=== Begin Enclosure ===

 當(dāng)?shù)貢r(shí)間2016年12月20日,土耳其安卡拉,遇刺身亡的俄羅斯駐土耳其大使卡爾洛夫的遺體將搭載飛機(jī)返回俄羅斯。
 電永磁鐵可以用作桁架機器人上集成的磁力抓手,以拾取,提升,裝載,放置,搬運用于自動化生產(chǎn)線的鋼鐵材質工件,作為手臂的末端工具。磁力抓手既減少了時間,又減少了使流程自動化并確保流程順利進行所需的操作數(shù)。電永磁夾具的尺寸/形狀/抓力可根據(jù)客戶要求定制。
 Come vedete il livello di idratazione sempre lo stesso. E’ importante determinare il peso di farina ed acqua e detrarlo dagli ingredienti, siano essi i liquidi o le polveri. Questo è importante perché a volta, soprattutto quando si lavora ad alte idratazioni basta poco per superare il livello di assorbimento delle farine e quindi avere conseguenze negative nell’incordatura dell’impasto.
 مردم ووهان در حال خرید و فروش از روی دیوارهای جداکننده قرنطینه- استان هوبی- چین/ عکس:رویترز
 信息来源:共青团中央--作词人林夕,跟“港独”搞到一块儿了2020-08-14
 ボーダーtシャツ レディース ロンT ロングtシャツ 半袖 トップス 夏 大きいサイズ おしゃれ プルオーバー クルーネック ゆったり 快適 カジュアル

=== End Enclosure ===
=== Begin Enclosure ===

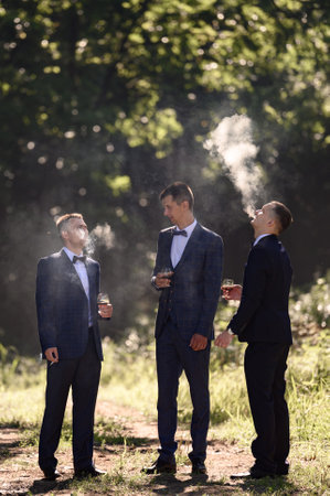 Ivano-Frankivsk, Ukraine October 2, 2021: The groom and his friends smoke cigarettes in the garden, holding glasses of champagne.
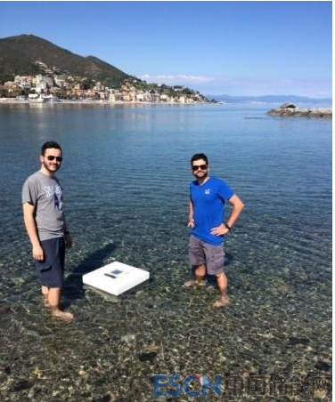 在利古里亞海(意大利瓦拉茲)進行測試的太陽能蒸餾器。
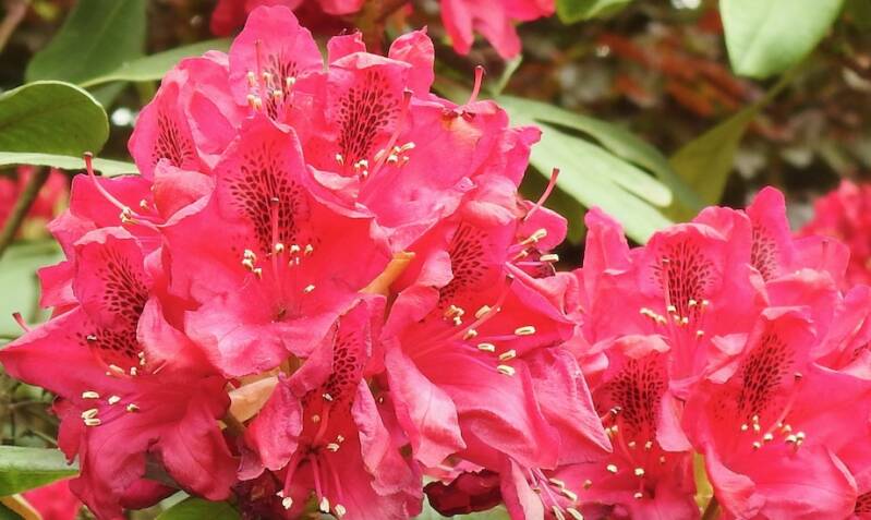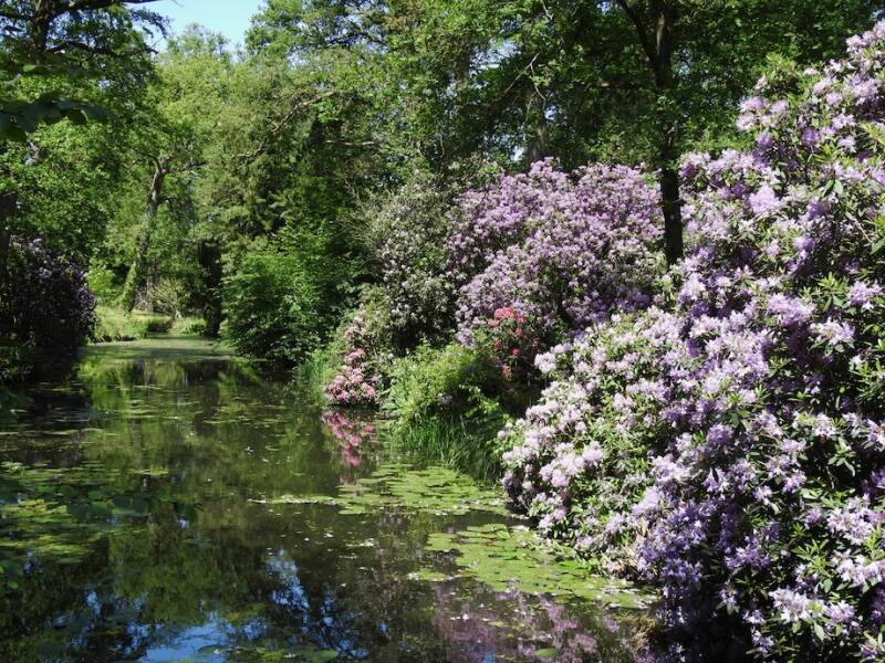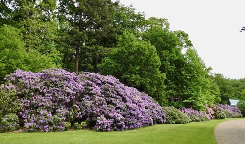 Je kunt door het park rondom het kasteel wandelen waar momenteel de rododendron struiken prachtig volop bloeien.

=== End Enclosure ===

WORK ITEM → The required output is the stretch of entries above from the line containing "電永磁鐵可以用作桁架機器人上" through the line containing "ボーダーtシャツ レディース ロンT", reproduced exactly.

SOLUTION FOR THIS TASK →
 電永磁鐵可以用作桁架機器人上集成的磁力抓手,以拾取,提升,裝載,放置,搬運用于自動化生產(chǎn)線的鋼鐵材質工件,作為手臂的末端工具。磁力抓手既減少了時間,又減少了使流程自動化并確保流程順利進行所需的操作數(shù)。電永磁夾具的尺寸/形狀/抓力可根據(jù)客戶要求定制。
 Come vedete il livello di idratazione sempre lo stesso. E’ importante determinare il peso di farina ed acqua e detrarlo dagli ingredienti, siano essi i liquidi o le polveri. Questo è importante perché a volta, soprattutto quando si lavora ad alte idratazioni basta poco per superare il livello di assorbimento delle farine e quindi avere conseguenze negative nell’incordatura dell’impasto.
 مردم ووهان در حال خرید و فروش از روی دیوارهای جداکننده قرنطینه- استان هوبی- چین/ عکس:رویترز
 信息来源:共青团中央--作词人林夕,跟“港独”搞到一块儿了2020-08-14
 ボーダーtシャツ レディース ロンT ロングtシャツ 半袖 トップス 夏 大きいサイズ おしゃれ プルオーバー クルーネック ゆったり 快適 カジュアル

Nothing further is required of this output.